I have read and reread Ramesh Ponnuru’s article “Chief Justice Robert and the Morality of Law,” and it seems to me that he gives us as much reason to defend Chief Justice Roberts’ opinion in the NFIB case as to criticize it. Ramesh begins by reminding us that “[l]aw has an inescapable moral component.” True enough. Next he says, “[l]aws almost always have normative force.” I would go further, and strike the “almost.” But the question is one of obligation. What obligation does the law impose on the citizen? That is the normative question. Ramesh is quite right that the criminal law, which condemns certain acts as simply not to be done, imposes an obligation not to do them. The fact that it imposes penalties for not doing them should not lead us to the conclusion that in fact we are being given perfectly licit and legitimately available alternatives–obey or pay the penalty. To use Ramesh’s example, we would be mad to say that the law against murder says to a man, “you have two choices: let your enemy live, or pay with your life in prison if you wish to kill him.” No, it says “do not murder,” and then proceeds to exact a penalty for disobedience of the obligation. Or, to take another example, I am told by smart legal scholars in contract law that no one thinks any longer of contracts as having normative obligations. Instead, they are understood to have the tort for breach of contract understood as part of their terms, so that parties enter into contracts not on the understanding that they shall not break them, but on the understanding that there is a price for breach in the background, payable in damages to be determined by a court if need be. This, I think, is not progress in legal thinking.
So far we are in agreement. But then Ramesh admits that there are laws that present citizens with equally legitimate alternatives, and that tax law provides the paradigmatic example. Drink beer? Gotta pay the beer tax if you buy it. Don’t want to pay the beer tax? Don’t buy beer. Third alternative: find a way to buy black market beer that is untaxed. Ah, now you’ve collided with a norm, for the law rules out this third option.
So with the mandate under the ACA, at least according to Chief Justice Roberts. You are a payer of income tax. Got health insurance? Fine, go to the next step. Don’t have health insurance? Okay, pay this tax. The alternatives are equally available, and, as Chief Justice Roberts noted, the government predicts that some several million people are expected to be subject to this penalty, to which no moral opprobrium attaches if they pay it. It is the third option–of failing to obtain insurance, and failing to pay the penalty–where a normative obligation enters the picture. And this is an “option” the law condemns, with the force of criminal law if it comes to that, as tax evasion.

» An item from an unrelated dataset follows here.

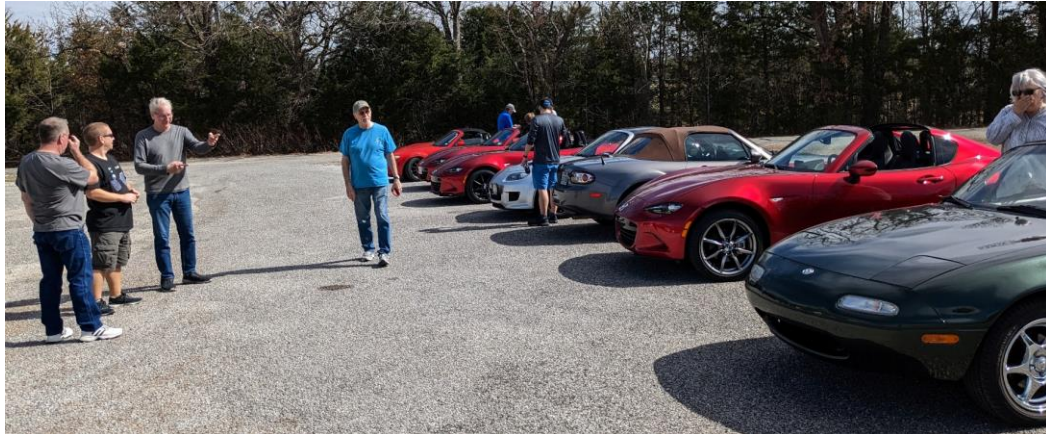
Stopping at the Eisenhower Birthplace State Historic Site in Denison

There are ways to critique Chief Justice Roberts’ opinion in NFIB, but I frankly don’t see exactly what purchase this one has. Ramesh admits that taxes can be viewed under a different moral analysis than other kinds of laws. The issue regarding the Court’s ruling is, which reading of the ACA makes more sense? Is it a true mandate with a penalty, so that we can perceive a normative obligation to buy health insurance, bearing some moral gravity? Or is it a leveraged incentive under the tax code, where a true normative obligation only enters the picture when one chooses a forbidden third option of neither buying insurance nor paying the (take your pick) penalty/tax?
As I said a week ago, Republicans had quite a time of it in 2009 and 2010, describing the ACA both ways during the legislative debate on the law. Democrats went rushing toward one way of describing it, both in the statute and in their rhetoric: not a tax alternative, but a mandate with penalty. Perhaps the Court was obliged to see it the same way. Roberts chose the other way. I would not say that he missed the moral dimension of the law, but that he chose a reading of the statute that brings its moral dimension into one reasonable category rather than the other.